My grandmother in the UK still heated with coal until the late 1980s when my aunts ganged up on her and installed gas central heating in her house.  From the first visits I can remember (going back to the late 60s), grandma Cann heated the house with coal fireplaces. The one in her living room had a water back of some kind for heating water, so if you wanted a hot bath or water for dishes, you had to light a fire.  The slightest whiff of tar will send me back to her old house in the midlands.

Here in the land of the maple leaf, we almost exclusively had oil heat, except for one rural home that had a wood-fired furnace.
 
We never had coal heat, but everyone in the family had wood stoves used as supplemental heat.
I assume my home, built in 1946 had a coal furnace originally as there is a coal chute in the wall of the porch, I still use that chute, but my coal cellar is now filled with wood.

Being in a rural area outdoor furnaces are fairly popular here, they are either wood or coal fired. I know some people with them who burn coal exclusively.
 
Thanks guys!

Please keep all these great stories coming!

Have never used nor been near anything that burned coal (or wood for that matter). Outside of BBQs with charcoal briquettes know nothing about burning any such things for heat.
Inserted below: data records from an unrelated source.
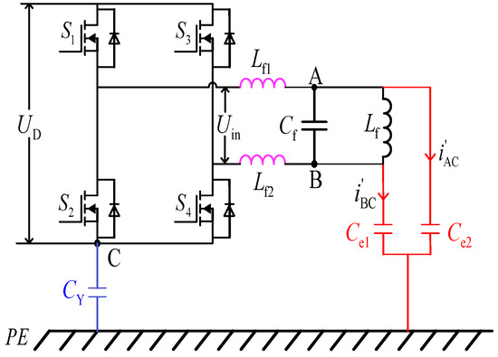 In the practical application of the DWPT system, when the length of the power rail at the transmitting end remains constant and the vertical distance between the rail and the ground remains constant, the capacitance between the power rail and the ground can be considered constant. According to the formula “i = Cdu/dt”, the voltage of the power rail with respect to the ground is another key factor affecting the magnitude of leakage current. As shown in Figure 4, by neglecting the parasitic capacitance between the transmitter’s switch power supply and the heat sink, the ground capacitance between the power supply rail and the earth, denoted by and , emerges as the primary factor contributing to the generation of capacitive currents at the transmitter end. Here, represents the DC bus voltage, and A and B represent the two endpoints of the power supply rail, while point C denotes the negative terminal of the inverter’s DC bus. Although a certain amount of noise current is generated by the negative pole of the inverter circuit with respect to ground, it can be reasonably assumed that point C is at the same potential as PE concerning high-frequency voltage coupling, given that point C is adequately grounded through the Y capacitor [21]. Consequently, the voltage to earth of the power supply rail can be regarded as the voltage between points A and B relative to point C.
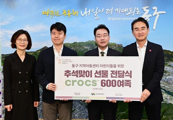 대구 신세계백화점은 지난 26일 동구청을 방문하여, 지역의 취약계층 아이들을 위해 3천만원 상당의 후원물품(크록스 신발)을 기탁했다.
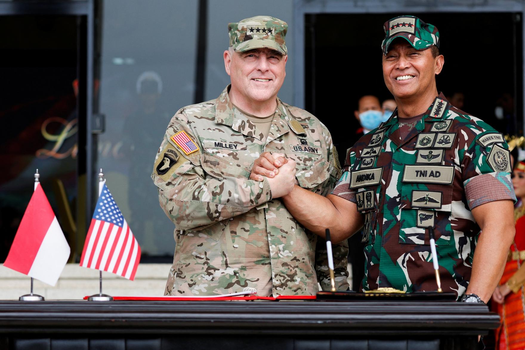 Tư lệnh Lực lượng vũ trang Indonesia Andika Perkasa (phải) tiếp Chủ tịch Hội đồng tham mưu trưởng liên quân Mỹ Mark Milley tại Jakarta ngày 24.7
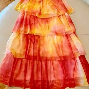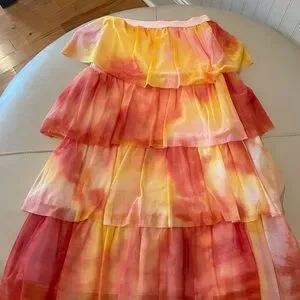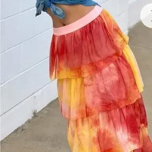 You will be as beautiful and dramatic as a summer sunset in this Eva Franco Esperanza tiered tulle maxi skirt. Gorgeous layers of tie dye oranges, yellows and pinky-peach combine for a show stopping look that embodies the warm weather exuberance we are all starting to feel! The skirt is lined in soft jersey material with an elastic waistband. Measurements: waist 13 inches, total length 33.5 inches. VGUC
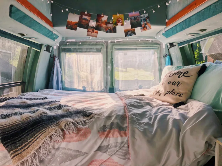 The van has a comfy double-sized bed with a 6" memory foam mattress. The kitchen is equipped with a 2.6-gallon water dispenser with a collapsible sink and a butane stove. There is a 240w power station that will charge your phone, laptop, camera, fans, and many other devices! There is plenty of overhead storage and storage under the bed to fit everything you need for your adventure. The overhead clearance inside the van is 5’ 3”.
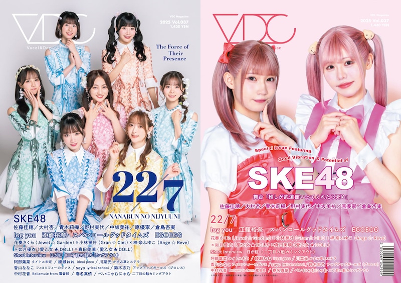 パフォーマンスに焦点を当て、アイドルの魅力を発信する複合メディア「VDC(Vocal & Dance Collection)」は、12月26日(金)発売の『VDC Magazine 037』にて、『22/7』と『SKE48』の特集掲載を発表した。限定生写真がもらえる予約特典も要チェック!
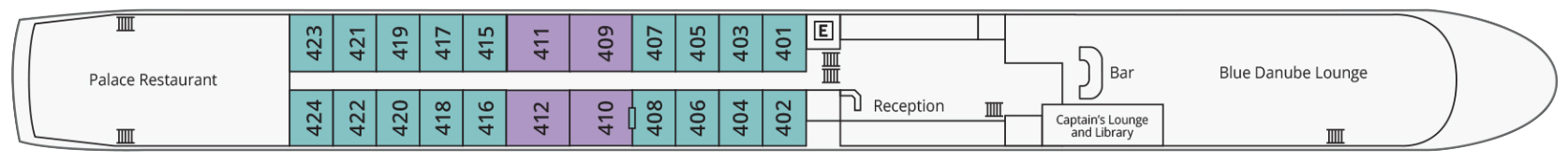 The 130-passenger River Duchess is decorated in soft hues of blue and green complemented by soothing earth tones, providing a tranquil and elegant onboard ambiance. Enjoy spectacular∘ and ever-changing views of Europe’s most enchanting waterways in the ship’s stylish Blue Danube Lounge, Palace Restaurant, or the La Motte Sky Lounge.
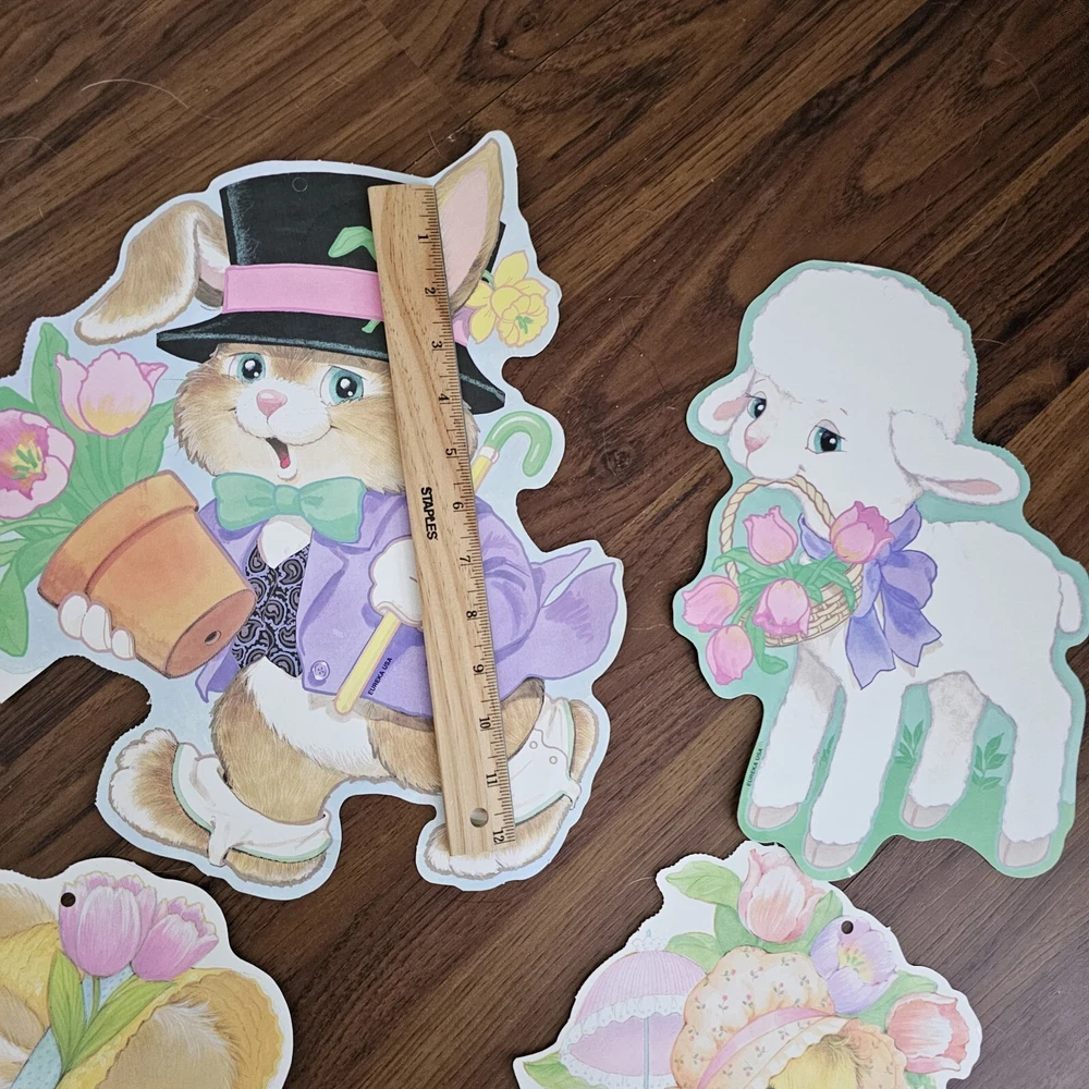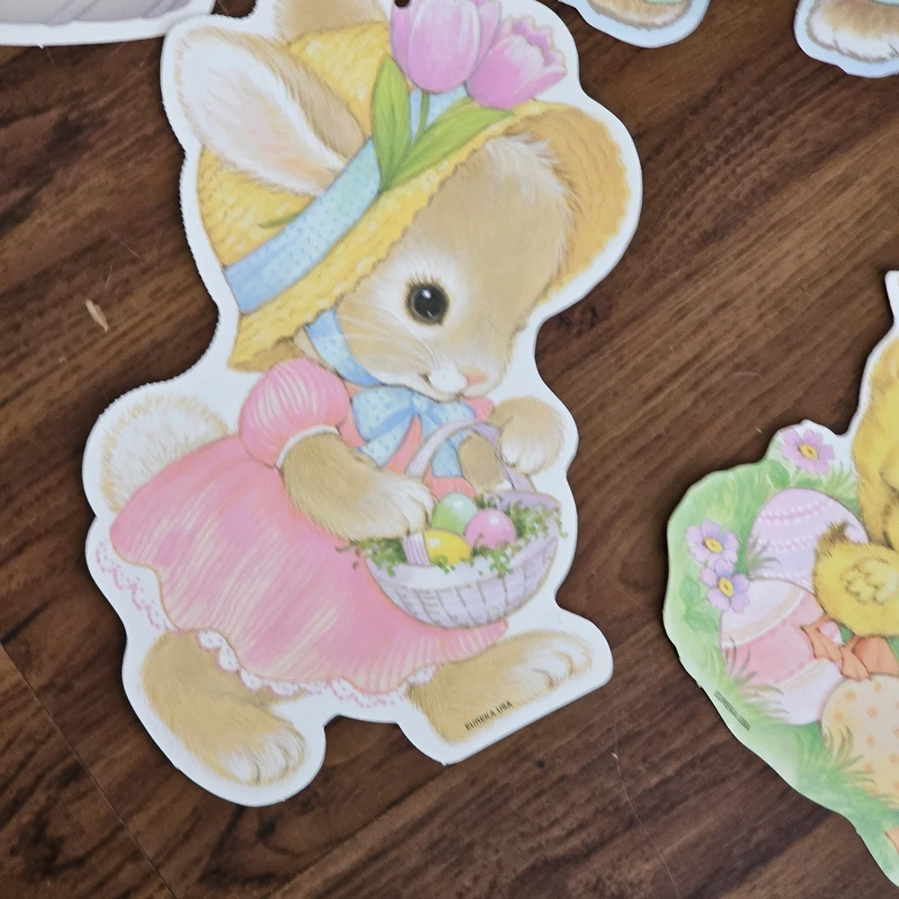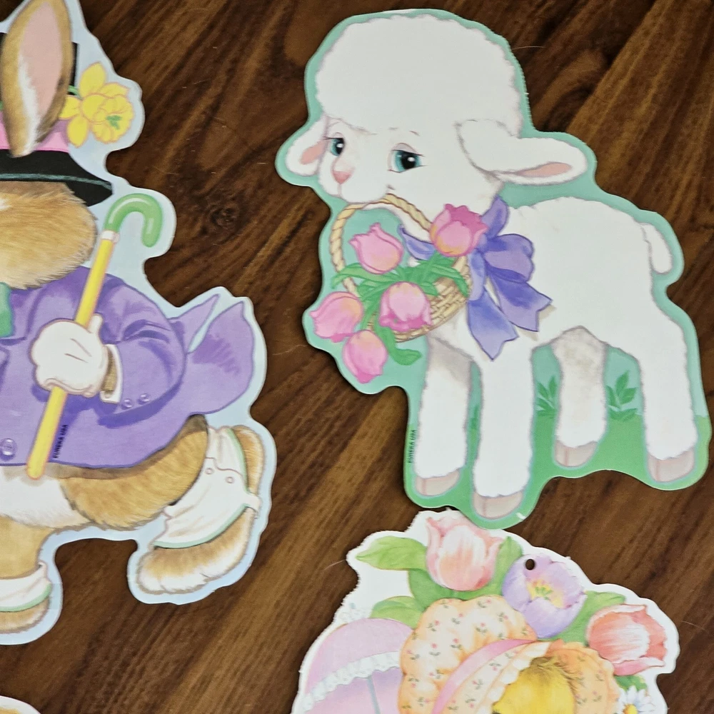 The product is a set of 5 vintage Easter die cuts featuring designs of bunnies, ducks, and lamps. These die cuts are made of paper and are two-sided. They are manufactured by Eureka in the United States. The designs are colorful and suitable for Easter decorations or crafts. See photos for some wear sold as is

Didn't know coal gave off a whiff when burning. Did know from my hobby interest in steam locomotives (that burned coal) that black smoke was a sign of waste. Well at least when it came to coal fired locomotives, but suppose that translates across the board, no?
 
Wood waste is now turned into pellets for both heating and BBQ grills. Coal is still stinky, dirty and wood will creosote a chimney and start a chimney fire in no time. I am going to stay in this century with just oil and gas, much safer. I used that pot belly stove with coal in the back chimney of my last house and it would heat just fine but used a 50 lb. bag of coal every other day. I had wood here for a while and after the ice storm of 1998, when we lost power nearly 2 weeks, I had a chimney fire, even though I had cleaned the chimney less than 2 months before. Not messing with either any more. Sold the woodstove, put a nice gas unit in that heats as good as that did and works with no power.
 
My nana's old house in Hamilton had a coal "octopus" furnace down in the cellar. I remember as a kid being scared to go down there. It was a gravity furnace with no blowers etc. I'd go if Lou, her husband went down to shovel coal but that was all. She had a new gas furnace installed probably when I was around 7 so about 1963 maybe before.

My great aunt in Manchester UK, also had like Paul described a coal fireplace, but in her kitchen with a water tank behind the wall for hot water,, There were fireplaces in every room but the rest had been converted to gas.. Not sure what the reason was the kitchen was left with a coal fire. She also had the coin operated electricity meter. I read somewhere those were for people who may not be able to pay (ie poor) but she wasn't "poor" and could certainly afford to pay a monthly bill.
 
No experience personally, but Chicago used to be all heated with coal like any other city at the time. Instead of progressing to oil, they progressed straight to NG starting in the 1930s AFAIK. I honestly don’t fully understand why one would go to oil when NG was already available, like was done in most of the suburbs in the early 50s, those homes all had oil heat but there was NG supply for cooking/heating water. Those suburban dwellers all converted their heating to NG by the late 50s early 60s. In the suburbs some homes were built with gravity hot air coal furnaces as late as 1945 which I think had to have been ridiculously out of date by then.

I personally find the history and artifacts highly fascinating, but the idea of having to stoke a furnace or boiler at all hours and deal with the mess is not something I ever want to go back to as long as cleaner options are available.
 
We have bought a wood burning slow combustion stove for our house a few years ago, here everybody is changing back to wood as LP gas and electricity is very expensive. Thing is even if electricity were cheaper I would still use a wood stove, love the heat it generates at a fraction of the price and very romantic to watch the fire burning.